◆ **Problem**
Below are the records; extract from them the line containing "CIELab 42.901,70.148,-11.327 Color" to the line containing "シャツ ブラウス トップス", both lines included, exactly and with no pictures.

◆ **Given data**
+-------+
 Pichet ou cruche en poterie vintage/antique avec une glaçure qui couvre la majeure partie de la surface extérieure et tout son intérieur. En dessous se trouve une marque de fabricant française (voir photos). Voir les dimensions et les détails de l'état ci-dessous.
+-------+
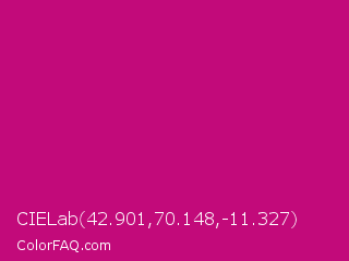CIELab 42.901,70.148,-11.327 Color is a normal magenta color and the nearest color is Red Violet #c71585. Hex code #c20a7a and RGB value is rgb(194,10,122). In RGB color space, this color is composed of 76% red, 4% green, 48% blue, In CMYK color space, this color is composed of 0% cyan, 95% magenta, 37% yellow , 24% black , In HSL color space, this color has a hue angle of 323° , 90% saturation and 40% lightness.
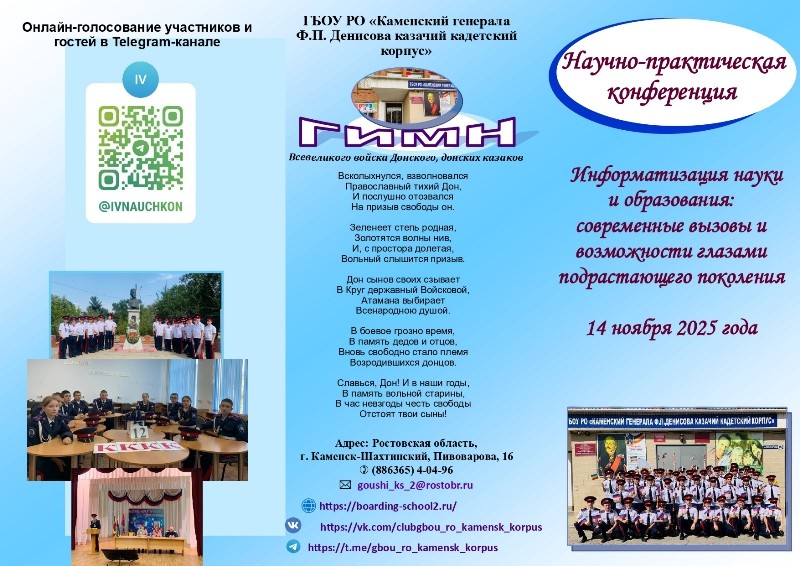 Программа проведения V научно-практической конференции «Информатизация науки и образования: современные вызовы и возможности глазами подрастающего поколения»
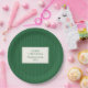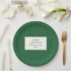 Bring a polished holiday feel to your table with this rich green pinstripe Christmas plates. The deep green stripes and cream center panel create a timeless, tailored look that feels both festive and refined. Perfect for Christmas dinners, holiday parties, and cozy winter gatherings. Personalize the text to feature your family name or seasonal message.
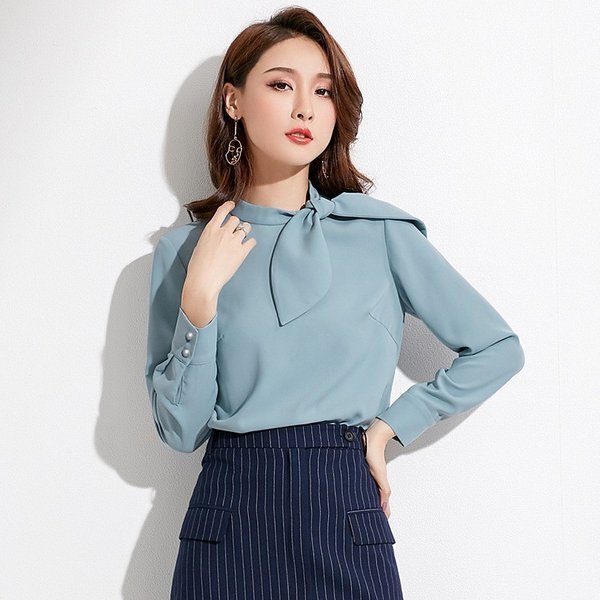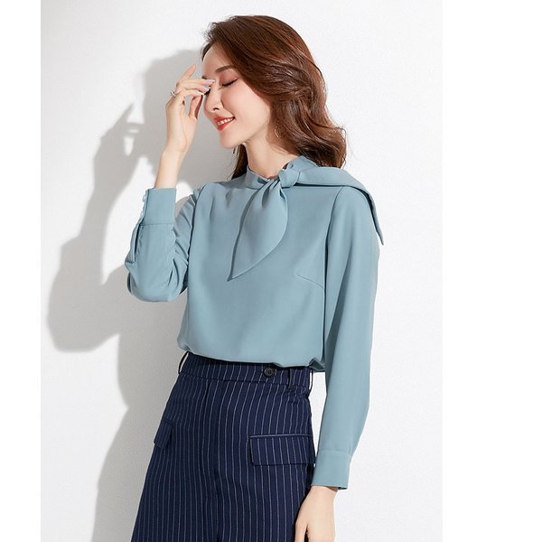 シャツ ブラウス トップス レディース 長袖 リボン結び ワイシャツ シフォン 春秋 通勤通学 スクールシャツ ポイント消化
+-------+
◆ **Answer to this exercise**
CIELab 42.901,70.148,-11.327 Color is a normal magenta color and the nearest color is Red Violet #c71585. Hex code #c20a7a and RGB value is rgb(194,10,122). In RGB color space, this color is composed of 76% red, 4% green, 48% blue, In CMYK color space, this color is composed of 0% cyan, 95% magenta, 37% yellow , 24% black , In HSL color space, this color has a hue angle of 323° , 90% saturation and 40% lightness.
 Программа проведения V научно-практической конференции «Информатизация науки и образования: современные вызовы и возможности глазами подрастающего поколения»
 Bring a polished holiday feel to your table with this rich green pinstripe Christmas plates. The deep green stripes and cream center panel create a timeless, tailored look that feels both festive and refined. Perfect for Christmas dinners, holiday parties, and cozy winter gatherings. Personalize the text to feature your family name or seasonal message.
 シャツ ブラウス トップス レディース 長袖 リボン結び ワイシャツ シフォン 春秋 通勤通学 スクールシャツ ポイント消化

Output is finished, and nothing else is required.